“Sudah dua belas tahun kita menikah, tapi belum sedikitpun kita bahagia”, kata seorang suami kepada istrinya.

 

“Maksud ayah?”, sahut istrinya bingung karena tak seperti biasa suaminya bersikap seperti ini.

 

“Maafkan aku bu, nggak seperti keluarga lainnya yang hidup bahagia dan mapan, selama ini aku belum bisa bahagiakan kamu dan anak-anak, apalagi pekerjaanku seperti ini, hanya seorang tukang sampah keliling di kampung ini”, terang suaminya menjelaskan.

 

“Maksud ayah, aku dan anak-anak tidak bahagia? Kata siapa begitu? Tidak seharusnya ayah berkata seperti itu. Aku merasa bahagia walaupun keadaan kita susah seperti ini. Ayah seharusnya bersyukur, karena ini adalah nikmat yang diberikanNYA untuk kita. Banyak orang yang bergelimang harta tapi hidupnya tidak bahagia, banyak orang yang kaya tapi hatinya selalu dirundung duka. Mending kita hidup seperti ini Yah, yang penting hati kita tenang dan bahagia. Masih bisa makan walau seadanya, masih bisa menyekolahkan anak-anak walaupun bukan di sekolah yang mahal, dan ayah bisa mengatur waktu untuk beribadah tidak disibukkan dengan urusan dunia. Anggap pekerjaan ayah ini adalah ibadah karena membuat kampung kita jadi bersih.

 

Tentang pekerjaan Ayah, Ayah boleh bekerja sebagai tukang sampah, tapi bukan berarti pekerjaan yang ayah jalani adalah sampah. Ayah memang mengambil sampah dari masyarakat, tapi bukan berarti ayah adalah sampah masyarakat. Tangan ayah boleh kotor karena sampah, tapi yang penting tangan ayah tidak pernah berbuat kotor atau dosa.

 

Biarlah orang memandang ayah rentan terkena penyakit, tapi yang penting ayah tidak membuat orang berpenyakit, apalagi itu penyakit hati. Biarlah juga orang lain menghina ayah, tapi yang penting ayah tidak pernah menghina mereka. Jadi ayah harus tetap bersyukur ya dan ikhlas menjalani ini semua.”, jawab istrinya berusaha menenangkan hati suaminya.

 

“Ya sayang, kamu memang wanita terbaik yang dianugerahkanNYA untukku.
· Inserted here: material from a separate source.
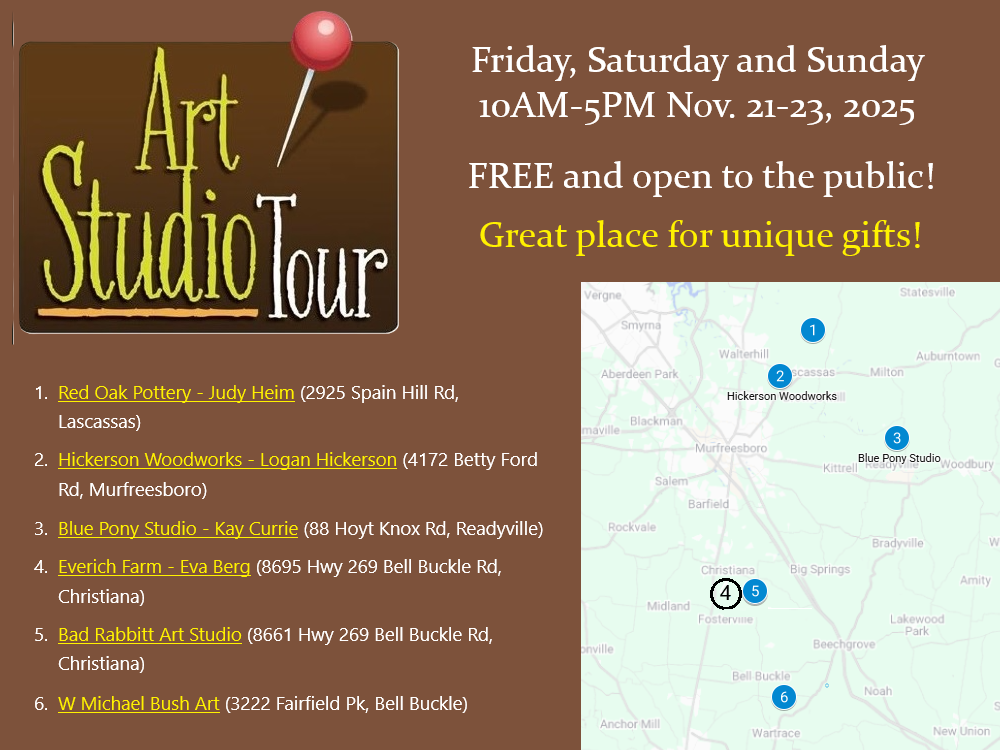 Fri, Sat, Sun (Nov. 21-23, 2025) 10AM-5PM Art Studio Tour's 32nd year with visits to 6 art studios across Rutherford County. Admission is FREE and it's an opportunity to meet the local artists, see their workspaces, and have the opportunity to purchase pottery, jewelry, fiber arts, wood working, paintings, mixed media, and more—and yes, they make unforgettable Christmas gifts!

Terima kasih ya istriku, ibu dari anak-anakku, hatiku sekarang bisa sedikit lebih tenang.”, sambung suaminya sambil melempar senyum kecilnya.

 

Istrinya juga ikut tersenyum melihat suaminya tersenyum tanda berkurang kemurungannya. Oh indahnya hidup bila bisa saling menyejukkan dan mengingatkan, apalagi jika dibumbui dengan rasa ikhlas dan syukur, pasti hidup akan terasa jauh lebih indah lagi jadinya.